Hello, Im noticing that my frontosas are starting to get nipped fins, even the alpha male. I have them in with some Neolamprologus leleupi (The lemon cichlid) and some Julidochromis marlieri. Could it be these little guys doing all this damage? I have never seen the frontosa fight? They are in a 135 with lots of filtration. There is 6 of them. Thank you


----------



## tom_patriot (Feb 24, 2007)

Yes. The leleupi and julies will nip the fronts fins. Most everything except Calvus and Comps can/will nip the fins.


----------



## Binner (Jul 20, 2007)

should I get rid of them or is this just an adjustment thing?


----------



## Razzo (Oct 17, 2007)

Binner said:


> should I get rid of them or is this just an adjustment thing?

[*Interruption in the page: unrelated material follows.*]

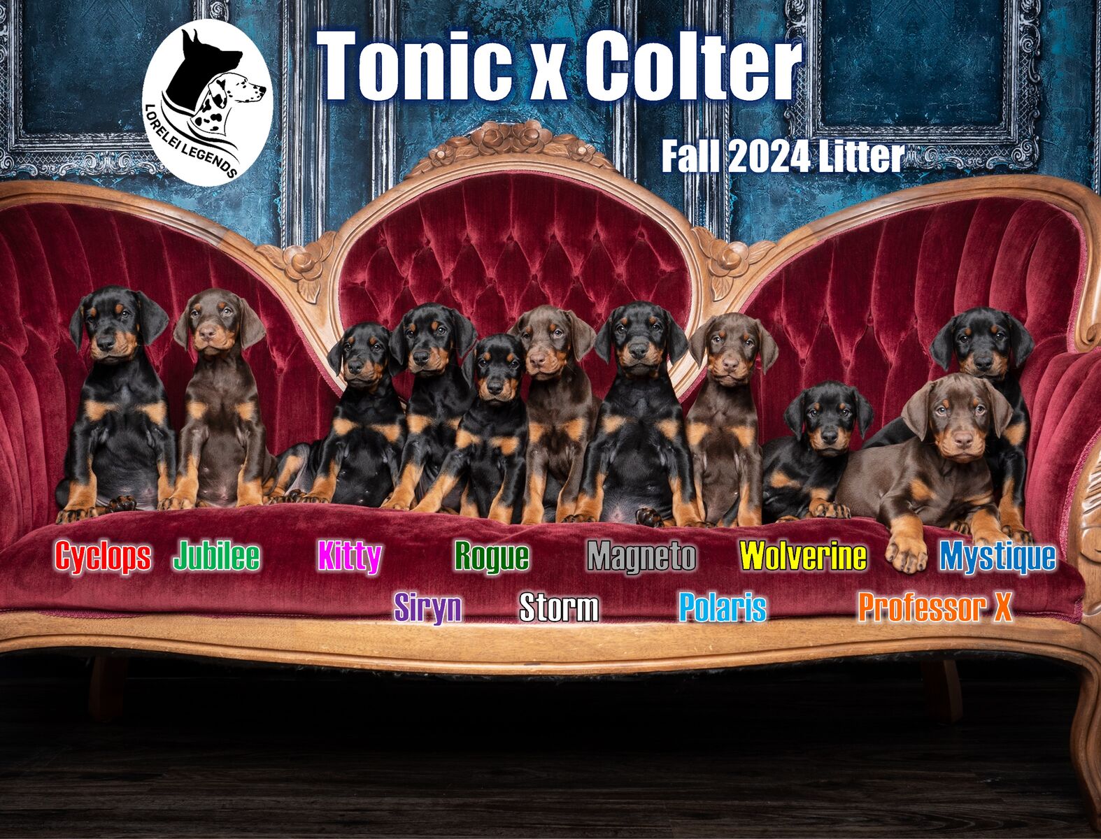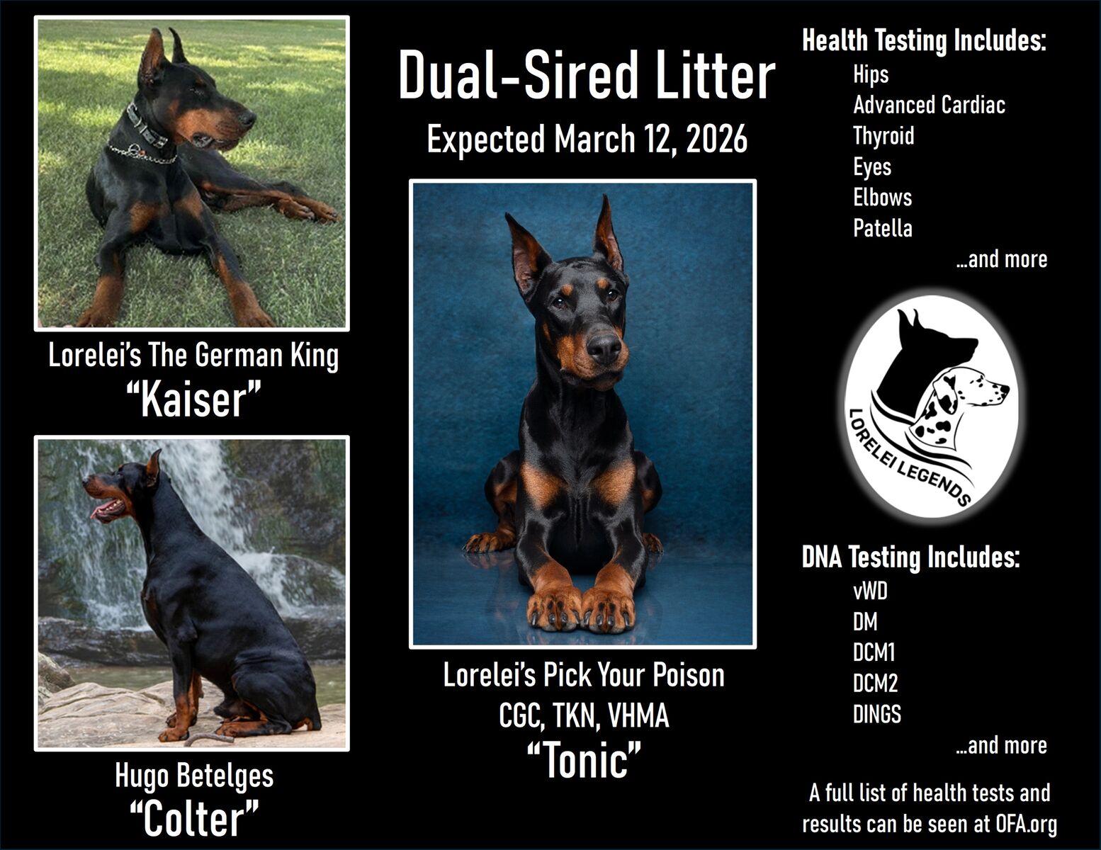Our next litter will be due in March 2026. Going home in May. Puppies pictured above are from Tonic & Colter's previous litter.
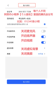 ②点击加入会议,输入会议号,参会名称务必改为考生账号+姓名,如“012345 张小明”。会议号和密码、考生账号等信息以微信小程序

If you want long trailers on your frontosa (which is one of the attractive attributes of frontosa) - get rid of the nippers.


----------



## mel_cp6 (Feb 3, 2009)

i would definitely get rid of the nippers.
once they nip them, they would never grow as long.

i even thought of getting rid of some of my alpha and 2 female fronts 
just because they have short fins. 
its always nice to see fronts from you, Russ.


----------



## ssondubs (Nov 16, 2008)

Razzo said:


> Binner said:
> 
> 
> > should I get rid of them or is this just an adjustment thing?
> ...


Razzo, how many male and females fronts do you have in that tank? Do you have any other species in there?


----------



## Binner (Jul 20, 2007)

I have what is believed to be 2m/4f, it looks like she is being bothered by the other females and not the little guys. She might be the alpha female as she is the only one to hold and is the biggest. Could this be why she is being bothered and should this calm down?


----------



## Razzo (Oct 17, 2007)

ssondubs said:


> Razzo said:
> 
> 
> > Binner said:
> ...


There are 2 males & 6 females and they are in a species only 265.


----------



## Binner (Jul 20, 2007)

I repeat its not the little guys nipping them, it is the other females that are causing the damage! Could it be cause she is the alpha female and thats why they are picking on her? She is the ony one in the tank that has her fins nipped.


----------



## jenandcoffee (May 3, 2008)

when i got my mpimbwe my male had really longs trailers and it was beautiful, i had a real aggressive pleco who would chase all my fronts around to the point that they were hanging around the top of the tank, *** sine removed he pleco and his trailers are slowly growing back, but its such a shame....


----------



## Binner (Jul 20, 2007)

Yeah that is a shame! *** removed all the little guys and hopefully, that helps!


----------



## revrend (Feb 11, 2010)

Wow i am glad i read this post i have bought a wc Mpimbwe Colony from a great dealer ... 2 males and 4 females ... i was thinking about placeing another fish or 2 inthere but i have now decided to keep it species only ... they will be in Tuesday night via southwest


----------



## cobalt (Mar 16, 2006)

Fronts are best kept by themselves - if you want them to look nice and have long flowing trailers.


----------



## Aaron86 (Jun 2, 2010)

opcorn:


----------